> **Your assignment**:
Nothing but the lines below between the line holding "Draghi’s observations are" and the line holding "Интересует утепление. Слева", inclusive, should appear in the answer, each set down exactly.

> **The data**:
______________________________

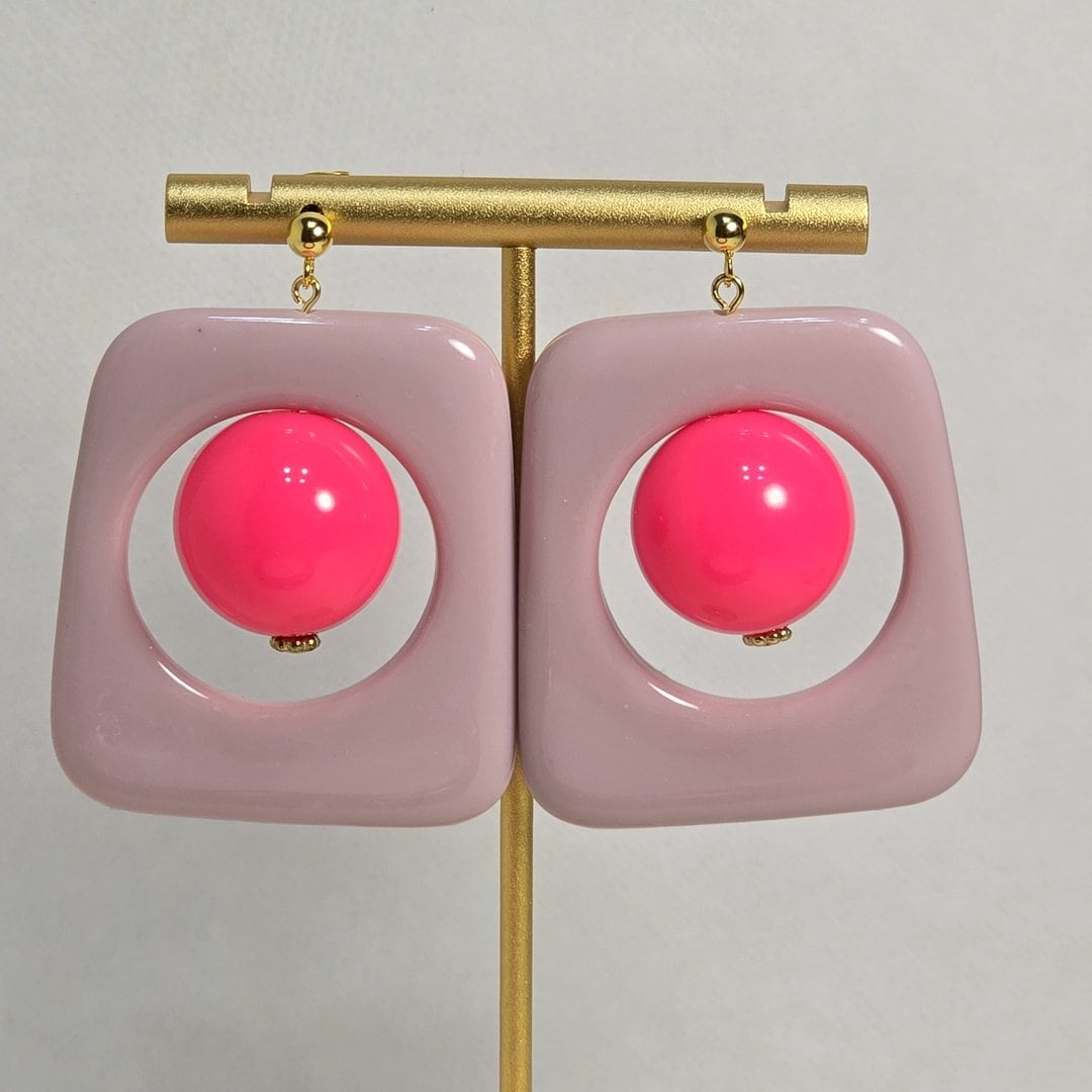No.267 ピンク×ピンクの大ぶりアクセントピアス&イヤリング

______________________________

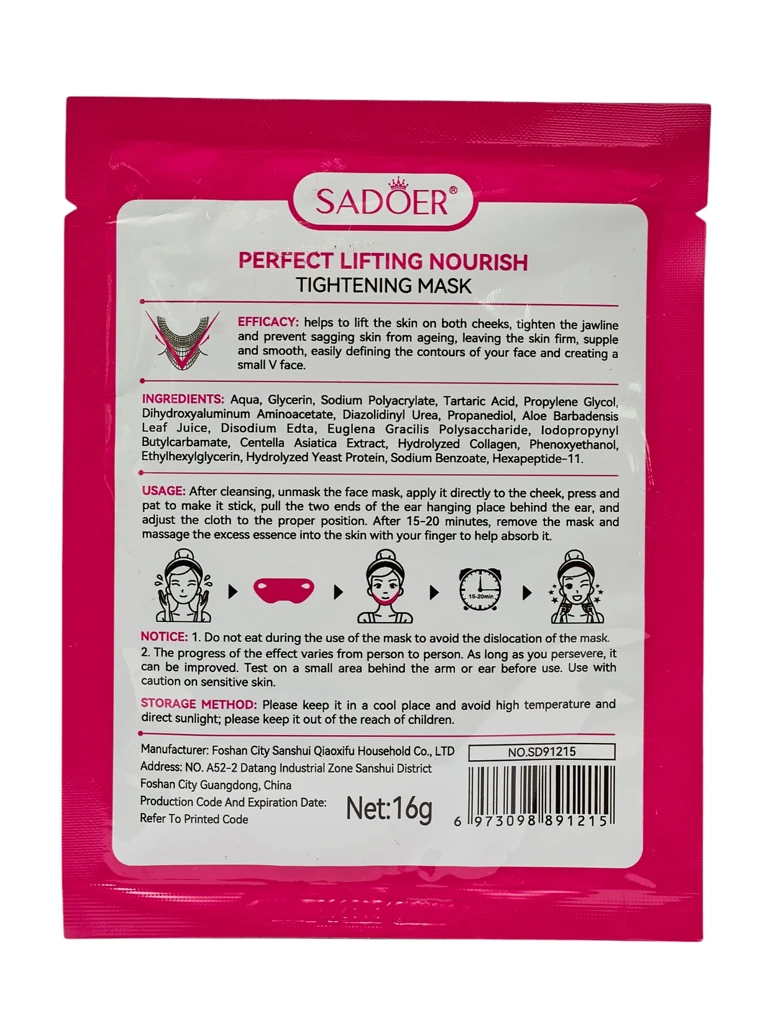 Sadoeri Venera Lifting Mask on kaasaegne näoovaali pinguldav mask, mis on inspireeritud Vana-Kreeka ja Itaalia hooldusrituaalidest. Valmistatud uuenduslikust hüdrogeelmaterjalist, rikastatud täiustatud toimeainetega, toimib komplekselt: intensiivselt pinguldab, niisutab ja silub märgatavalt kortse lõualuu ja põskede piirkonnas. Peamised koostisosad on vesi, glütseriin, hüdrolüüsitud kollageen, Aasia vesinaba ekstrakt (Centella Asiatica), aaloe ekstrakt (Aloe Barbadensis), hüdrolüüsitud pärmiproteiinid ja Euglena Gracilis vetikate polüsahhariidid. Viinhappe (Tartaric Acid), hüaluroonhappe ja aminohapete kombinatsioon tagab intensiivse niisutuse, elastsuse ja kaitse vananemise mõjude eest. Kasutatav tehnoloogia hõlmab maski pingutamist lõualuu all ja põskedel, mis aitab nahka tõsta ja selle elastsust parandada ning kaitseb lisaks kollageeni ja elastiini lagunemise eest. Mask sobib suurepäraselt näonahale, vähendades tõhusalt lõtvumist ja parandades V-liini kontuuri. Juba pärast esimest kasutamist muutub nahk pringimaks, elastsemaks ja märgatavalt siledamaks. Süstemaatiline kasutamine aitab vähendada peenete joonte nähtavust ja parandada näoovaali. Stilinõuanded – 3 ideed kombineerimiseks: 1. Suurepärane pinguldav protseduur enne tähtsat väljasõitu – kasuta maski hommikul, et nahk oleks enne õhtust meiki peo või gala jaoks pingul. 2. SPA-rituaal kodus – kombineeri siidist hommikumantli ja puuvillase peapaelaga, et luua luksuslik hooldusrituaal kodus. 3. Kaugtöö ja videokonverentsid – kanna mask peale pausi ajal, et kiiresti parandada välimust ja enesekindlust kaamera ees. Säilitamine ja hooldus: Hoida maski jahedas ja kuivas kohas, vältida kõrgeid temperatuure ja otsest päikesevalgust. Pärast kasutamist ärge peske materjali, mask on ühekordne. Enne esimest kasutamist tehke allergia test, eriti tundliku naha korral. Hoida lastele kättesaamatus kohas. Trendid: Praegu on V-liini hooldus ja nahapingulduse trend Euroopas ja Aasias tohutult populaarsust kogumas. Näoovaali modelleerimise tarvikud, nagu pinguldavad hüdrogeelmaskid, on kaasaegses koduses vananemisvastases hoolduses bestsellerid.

______________________________

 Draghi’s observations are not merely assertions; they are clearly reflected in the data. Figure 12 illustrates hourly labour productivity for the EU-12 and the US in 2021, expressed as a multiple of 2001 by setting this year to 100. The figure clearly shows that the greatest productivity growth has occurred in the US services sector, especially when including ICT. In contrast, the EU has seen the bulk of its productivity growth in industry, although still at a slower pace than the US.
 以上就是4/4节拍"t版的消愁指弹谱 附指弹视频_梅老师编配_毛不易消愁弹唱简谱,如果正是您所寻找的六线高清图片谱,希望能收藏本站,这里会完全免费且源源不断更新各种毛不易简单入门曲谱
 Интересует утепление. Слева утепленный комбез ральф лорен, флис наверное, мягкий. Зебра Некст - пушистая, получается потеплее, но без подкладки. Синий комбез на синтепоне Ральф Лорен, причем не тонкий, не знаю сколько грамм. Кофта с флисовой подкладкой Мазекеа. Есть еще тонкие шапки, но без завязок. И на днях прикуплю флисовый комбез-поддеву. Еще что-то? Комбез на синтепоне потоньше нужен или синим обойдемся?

______________________________

> **Exercise output**:
 Draghi’s observations are not merely assertions; they are clearly reflected in the data. Figure 12 illustrates hourly labour productivity for the EU-12 and the US in 2021, expressed as a multiple of 2001 by setting this year to 100. The figure clearly shows that the greatest productivity growth has occurred in the US services sector, especially when including ICT. In contrast, the EU has seen the bulk of its productivity growth in industry, although still at a slower pace than the US.
 以上就是4/4节拍"t版的消愁指弹谱 附指弹视频_梅老师编配_毛不易消愁弹唱简谱,如果正是您所寻找的六线高清图片谱,希望能收藏本站,这里会完全免费且源源不断更新各种毛不易简单入门曲谱
 Интересует утепление. Слева утепленный комбез ральф лорен, флис наверное, мягкий. Зебра Некст - пушистая, получается потеплее, но без подкладки. Синий комбез на синтепоне Ральф Лорен, причем не тонкий, не знаю сколько грамм. Кофта с флисовой подкладкой Мазекеа. Есть еще тонкие шапки, но без завязок. И на днях прикуплю флисовый комбез-поддеву. Еще что-то? Комбез на синтепоне потоньше нужен или синим обойдемся?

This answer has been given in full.